Re: scsi LLD implementation question

Bart Van Assche <bvanassche@xxxxxxx> · Sat, 26 Feb 2011 10:16:28 +0100

On Fri, Feb 25, 2011 at 6:20 PM, James Bottomley
<James.Bottomley@xxxxxxx> wrote:
> On Fri, 2011-02-25 at 18:12 +0100, Bart Van Assche wrote:
>> On Fri, Feb 25, 2011 at 2:37 PM, James Bottomley
>> <James.Bottomley@xxxxxxx> wrote:
>> > Having a kthread process responses is generally not a good idea because
>> > completions will come in at interrupt level ... you need a context
>> > switch to get to a thread and this costs latency.  The idea of done
>> > processing in SCSI is to identify the scsi_cmnd as quickly as possible
>> > and post it.  All back end SCSI processing is done in the block softirq
>> > (a level between hard interrupt and user context), again to keep latency
>> > low.  That also means that the kthread architecture is wrong because
>> > it's difficult for the kernel to go hardirq->user->softirq without
>> > adding an extra interrupt latency (usually a clock tick).
>> >
>> > If you want a "threaded" response in a multiqueue card using MSIs, then
>> > you bind the MSIs to CPU groups and use the hardware interrupt context
>> > as the threading (I think drivers like lpfc already do this).  The best
>> > performance is actually observed when the MSI comes back in on the same
>> > CPU that issued the I/O because the cache is still hot.  The block keeps
>> > an rq->cpu to tag this which internal HBA setup can use for programming
>> > MSI completions.
>>
>> The above sounds like great advice if the processing time is
>> reasonably short. But what if the processing time can be anything
>> between e.g. a microsecond and twenty minutes ?
>
> Well, what processing?  SCSI LLDs are data shifting engines; there's not
> a lot of extra stuff to do.  If you mean things like integrity
> verification, they tend to be done inline adding directly to latency as
> a cost of turning on integrity.  If you mean something like
> excrutiatingly slow PIO just to capture the data, then that's up to the
> LLD ... but most do it in-line (bogging down the whole system) primarily
> because timing tends to be critical to avoid FIFO overruns (the lesson
> being to avoid those cards).
>
> Can you give an example?  I can't really think of any processing that's
> so huge it would require threaded offloading.  The main point I was
> making is that offloading to a thread between HW irq and SCSI done adds
> enormously to latency because of the way done completions are processed
> in softirq context.  If that latency is just a drop in the ocean
> compared to the processing, then sure, offload it.

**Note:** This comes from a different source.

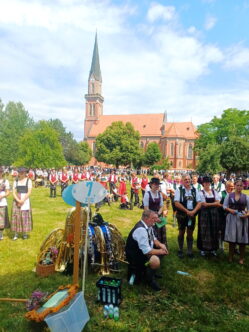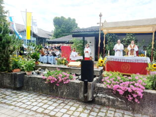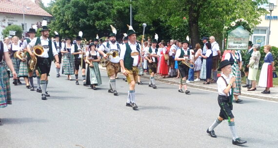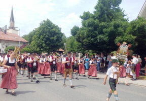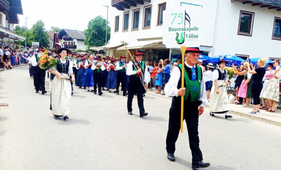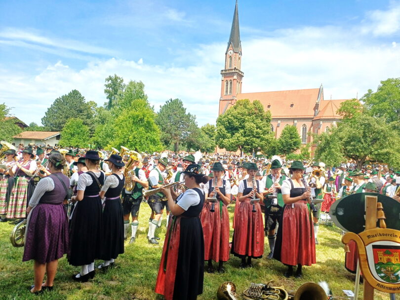 Auf der Wiese zwischen der Pfarrkirche St. Nikolaus und dem katholischen Pfarrheim zelebrierten Pfarrer Konrad Roider und Diakon Heiko Jung die Feldmesse vor Hunderten von Musikanten und Gläubigen aus dem gesamten Chiem- und Rupertigau mit Gastkapellen bis aus Südtirol und der Schweiz. Anschließend zog der mehrere Kilometer lange Festzug mit den Musikkapellen und Kutschen durch das an allen Häusern und Straßen schön geschmückte Dorf und zurück zum Festzelt in Moosen, wo gebührend weiter gefeiert wurde. Ganz Übersee und viele Schaulustige und Touristen von weither waren gekommen, fotografierten und genossen das tolle Bild der Trachten und die Blasmusik, flankiert von Trommelwirbeln. (Ausführlicher Bericht folgt).

I don't doubt the above is correct for SCSI initiator LLDs. I had
another context in mind - target drivers. While initiator workloads
are self-balancing because the application generating the workload and
the LLD run on the same system, that does not hold for target drivers.
How much work has to be processed by a target driver depends on the
number of initiator systems it is communicating with it and how much
I/O these are generating. With a sufficient number of initiator
systems and high-bandwidth HCA hardware it is possible that work
arrives faster on a target system than it can be processed. As an
example, it has already been observed with ib_srpt driver if it is
configured to process incoming work in softirq context that it can run
continuously for ten minutes. That means that during that time no
other tasklets nor any user space threads are run, resulting in user
feedback like "console locks up". Defining budgets for I/O processing
is not a solution in this context. Or, in other words, processing
target driver I/O in softirq context kills an important property of
the Linux kernel we all appreciate, namely that all processes on a
system are responsive at any time even on a heavily loaded system.

That experience made me wonder whether target drivers for
high-bandwidth HCAs should ever process I/O in IRQ or softirq context.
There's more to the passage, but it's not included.